Otyłość bądź wychudzenie mogą mieć swoje źródło w złym funkcjonowaniu tarczycy (odpowiednio niedoczynność i nadczynność), które można leczyć, zapobiegać mu, a nawet całkowicie je odwrócić za pomocą jodu. Badanie przeprowadzone na początku XX wieku przez dra Marine’a wykazało, że suplementacja jodem może doprowadzić do zaniku wola, schorzenia związanego zarówno z niedoczynnością, jak i nadczynnością tarczycy. Fibromialgia to kolejny problem wynikający z niedoboru jodu, podobnie jak przewlekłe zmęczenie.

 

Jod aktywuje receptory hormonalne i pomaga zapobiegać pewnym rodzajom nowotworów

Do aktywacji receptorów hormonalnych (znajdujących się we wszystkich komórkach ciała) optymalna dawka jodu jest o dwa rzędy wielkości wyższa od niezbędnej do zapobieżenia wolu. Zdaniem dra Davida Derry’ego z Kanady aktywne miejsca hormonu tarczycy występują we wszystkich mitochondriach, a kiedy jest dość jodu do aktywowania tarczycy, wówczas we wszystkich komórkach zwiększa się również wytwarzanie ATP (adenozyno-5’-trifosforan – biologiczna jednostka energii). Jest to ważne, ponieważ komórki rakowe mają znacznie mniej mitochondriów w komórce od zdrowych komórek, które zapewniają więcej energii i ochrony przed nowotworem. Według dra Brownsteina podstawowym powodem niewydolności mitochondrialnej jest niedobór jodu. W punktu widzenia energetycznego podstawową przyczyną raka jest niewydolność mitochondriów. Jest oczywiste, że dostatek jodu pomaga zapobiegać nowotworom, zwłaszcza rakowi piersi, tarczycy, jajników, żołądka i przełyku. Jod zapobiega peroksydacji lipidów, szczególnie w przypadku raka piersi. Z kolei niedobór jodu zwiększa częstość występowania tego nowotworu.
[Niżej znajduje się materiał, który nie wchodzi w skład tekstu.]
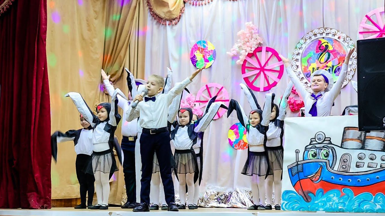 Роман Дубяга (7 лет) и хореографический ансамбль ГДК Факел Преподаватель по вокалу Куприянов М.И. В Антарктиде льдины землю скрыли, Льдины в Антарктиде замела пурга, Здесь одни пингвины прежде жили, Ревниво охраняя свои снега. Ревниво охраняя свои снега. Как-то раз пингвины в полном сборе К морю на рыбалку побрели гурьбой, Странную картину видят в море: Огромный чёрный айсберг дымит трубой! Огромный чёрный айсберг дымит трубой! Струсили пингвины - что же будет? И откуда ветер к ним пригнал гостей? Видят, как на льдину сходят люди, Впервые повстречали они людей. Впервые повстречали они людей. Люди их спугнули песней звонкой, Тишины нарушив многолетний плен, Небо затянули сетью тонкой, Развесив паутину своих антенн. Развесив паутину своих антенн. И с людьми пингвины ходят рядом, Слушают усердно каждый день эфир. И теперь пингвины людям рады, Ведь люди для пингвинов открыли мир! Ведь люди для пингвинов открыли мир! Ведь люди для пингвинов открыли мир

W badaniu, podczas którego chorym na raka zrobiono test na jod, stwierdzono, że wszyscy oni mieli poważne niedobory tego minerału. Kobiety z niedoborem jodu miały trzy razy częściej nowotwór piersi – wysokie jego spożycie ogranicza ryzyko tej choroby. Dr Sircus podaje w swojej książce, że w czasie leczenia raka prostaty i piersi dr Brownstein stosował od 200 a 300 miligramów jodu dziennie, przy czym wyższe dawki przy poważniejszych i trudniejszych chorobach.

 

 

Wyższe spożycie jodu w Japonii ma związek z rzadszym występowaniem raka piersi i prostaty.

 

 

Jod chroni działanie ATP i zwiększa jego wytwarzanie

Kolejnym ważnym aspektem jodu jest jego zdolność do ochrony ATP. Wystarczająca jego ilość we wszystkich tkankach i komórkach pomaga wydzielać nawet 36 cząsteczek ATP w cyklu Krebsa, co ma doniosłe skutki na wszystkich poziomach funkcjonowania, z mózgiem włącznie. Gdy brakuje jodu, pojawia się skłonność do przechodzenia do glikolizy. To znacznie obniża wytwarzanie ATP i powoduje spadek sił witalnych oraz powstawanie chorób.